- [Exercise brief] The lines from the one containing "아이코다는 4월 10일부터" through the last one in the data: please copy those exactly, and only those, without the pictures.

- [Dataset section]
···

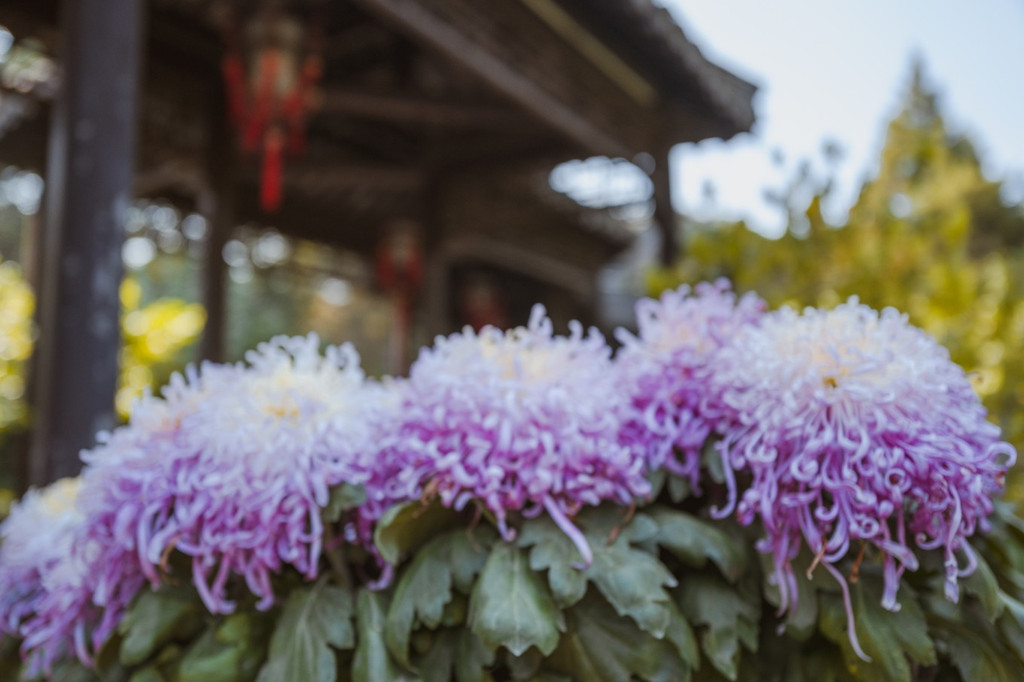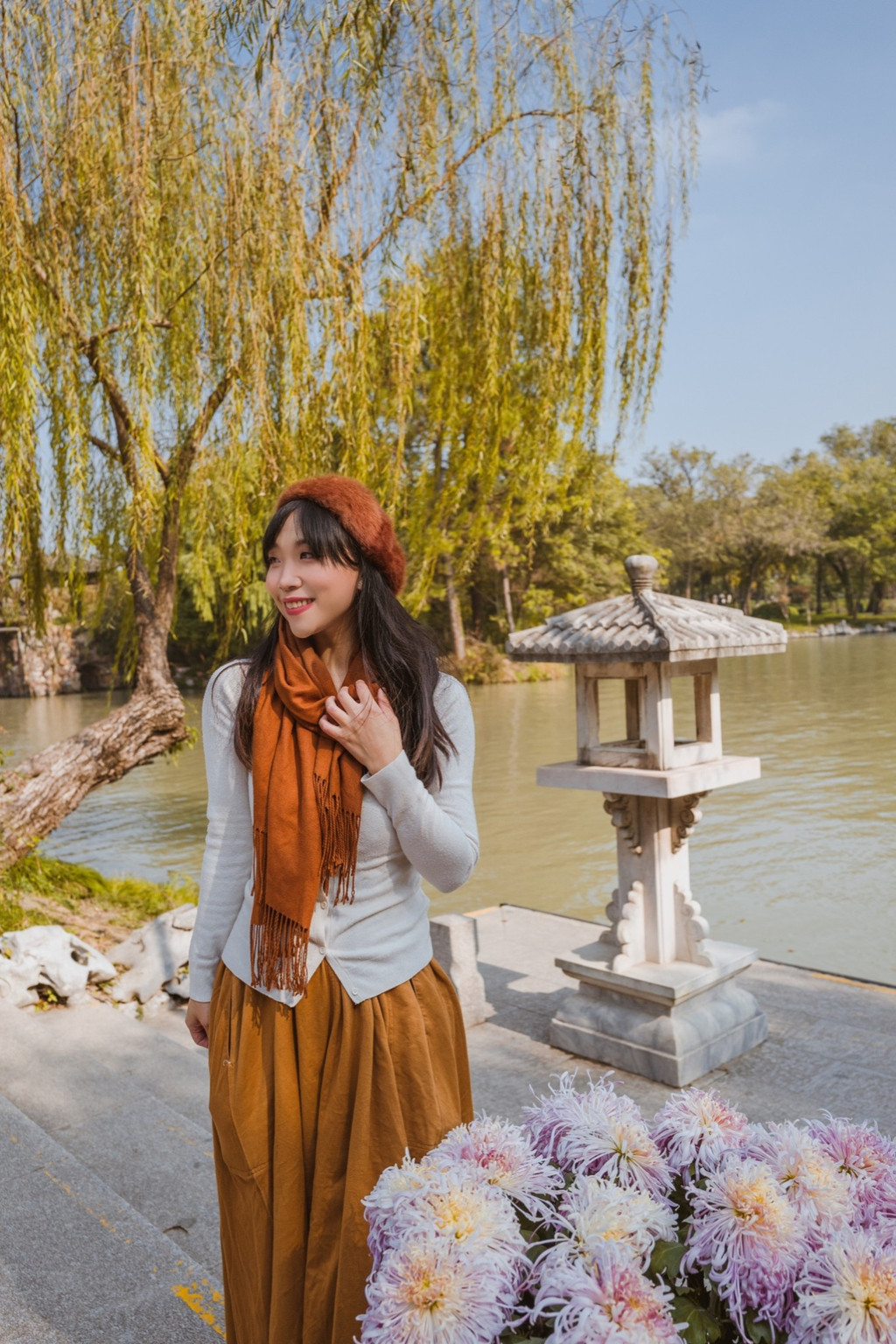 我在瘦西湖看过争奇斗艳的菊花展,明艳娇贵,每一朵都开成我心中的惦念,我在何园变装古风拍照,亭台楼阁,假山红枫流连在旧时光里,当黄昏没有晚霞的时候,无边的秋色依旧浪漫。
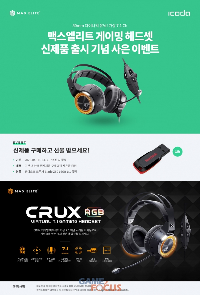 아이코다는 4월 10일부터 30일까지 모든 맥스엘리트 CRUX RGB HS-170 게이밍 헤드셋 구매자에게 샌디스크 크로저 Blade Z50 16GB를 1:1로 증정하는 이벤트를 진행한다. 별도의 이벤트 신청 없이 제품구매시 함께 배송된다.
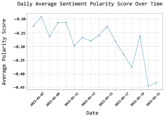 A visualization of daily average sentiment polarity scores (Figure 3) reveals distinct temporal variations, illustrating fluctuations within predominantly negative sentiment. Sentiment scores showed clear peaks and fluctuations, reflecting public reactions as the crisis unfolded in real time. Periods exhibiting sharp declines suggest intensified negative emotional responses, perhaps triggered by escalating events or worsening news, while periods of relatively less negative sentiment may correspond to phases of crisis stabilization or expressions of community solidarity and relief.

···

- [Answer section]
 아이코다는 4월 10일부터 30일까지 모든 맥스엘리트 CRUX RGB HS-170 게이밍 헤드셋 구매자에게 샌디스크 크로저 Blade Z50 16GB를 1:1로 증정하는 이벤트를 진행한다. 별도의 이벤트 신청 없이 제품구매시 함께 배송된다.
 A visualization of daily average sentiment polarity scores (Figure 3) reveals distinct temporal variations, illustrating fluctuations within predominantly negative sentiment. Sentiment scores showed clear peaks and fluctuations, reflecting public reactions as the crisis unfolded in real time. Periods exhibiting sharp declines suggest intensified negative emotional responses, perhaps triggered by escalating events or worsening news, while periods of relatively less negative sentiment may correspond to phases of crisis stabilization or expressions of community solidarity and relief.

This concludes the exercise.